To get the party started (i.e., for hydrogen fusion to begin), stars need

• High Temperature: Ensures energetic collisions, so hydrogen nuclei get super close.
• High Density & Pressure: More collisions, more chances for fusion.

🎉 REAL-WORLD EXAMPLE: Imagine trying to put two repelling magnets together. If you gently push them, they easily repel. But if you push them with enough force (or heat them up enough), they might just stick!

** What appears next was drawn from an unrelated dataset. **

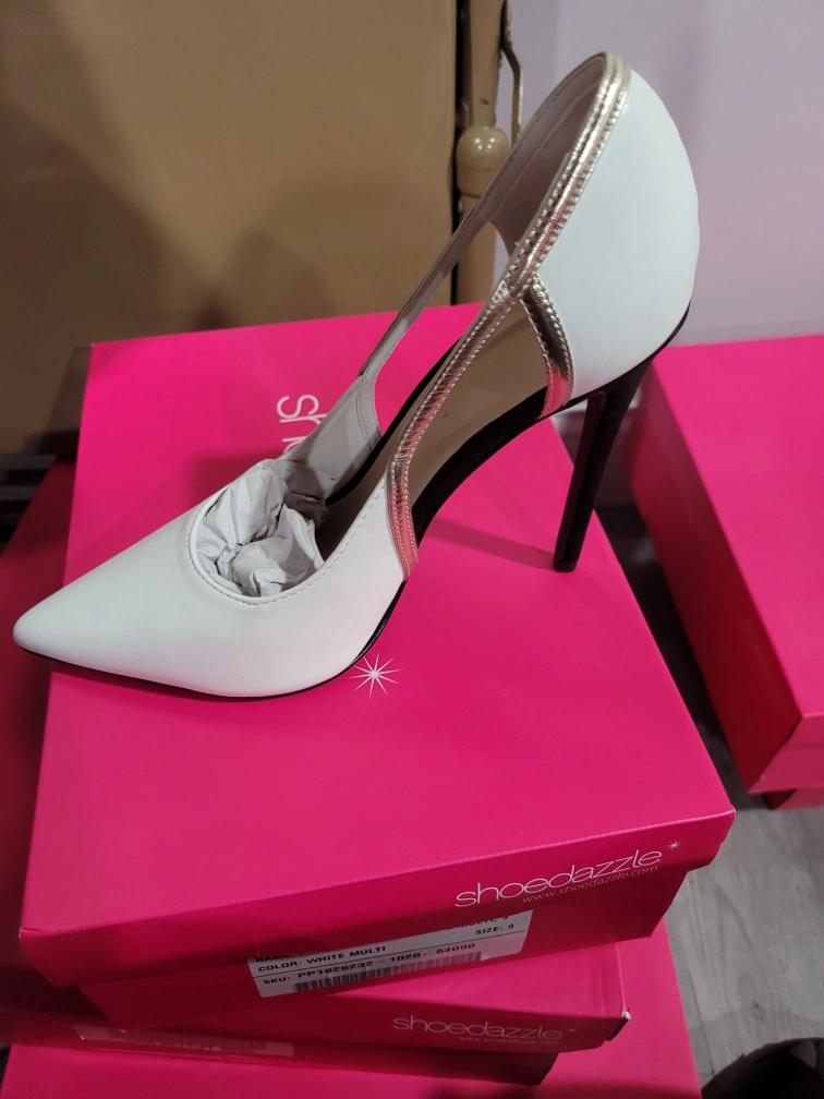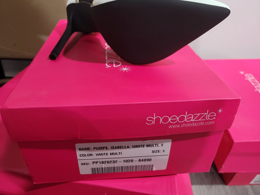 These ShoeDazzle Isabella pumps are in white multi color and a size 9. They're perfect for adding a touch of elegance to any outfit!

• Also called “hydrogen burning” (because 4 hydrogen nuclei fuse to give 1 helium atom).
• Occurs in Sun-like stars (0.07-4 solar masses). When there’s no hydrogen left, the party ends.
• Here's a breakdown
• Stage I
  • 2 protons fuse → hydrogen-2 + positron + neutrino.
  • Fun Fact: The positron immediately annihilates with a nearby electron, producing 2 gamma photons.
  • But, this stage is rare. The average proton in the Sun waits a few billion years for this to happen.
• Stage II
  • A proton and hydrogen-2 fuse → helium-3 + gamma-ray.
  • This one’s fast, taking just a second after hydrogen-2 is produced!
• Stage III
  • Two helium-3 nuclei fuse → helium-4 + two protons.
  • This takes a while; the average helium-3 waits 400 years to fuse.

• Apart from the main pathway, there are other routes based on temperature
• 10MK - 23MK: Helium-3 and helium-4 fuse via a beryllium nucleus, which eventually turns to helium.
• Above 23MK: Beryllium fuses with a proton to form boron, which then splits into helium.
• Theoretical Branch: Involves helium-3 directly turning to helium-4. But this is like spotting a unicorn—rare and hasn’t been observed in the Sun!

🎉 REAL-WORLD EXAMPLE: Think of fusion pathways as different recipes to make the same dish. Depending on the ingredients (temperature) you have, you might choose one over the other!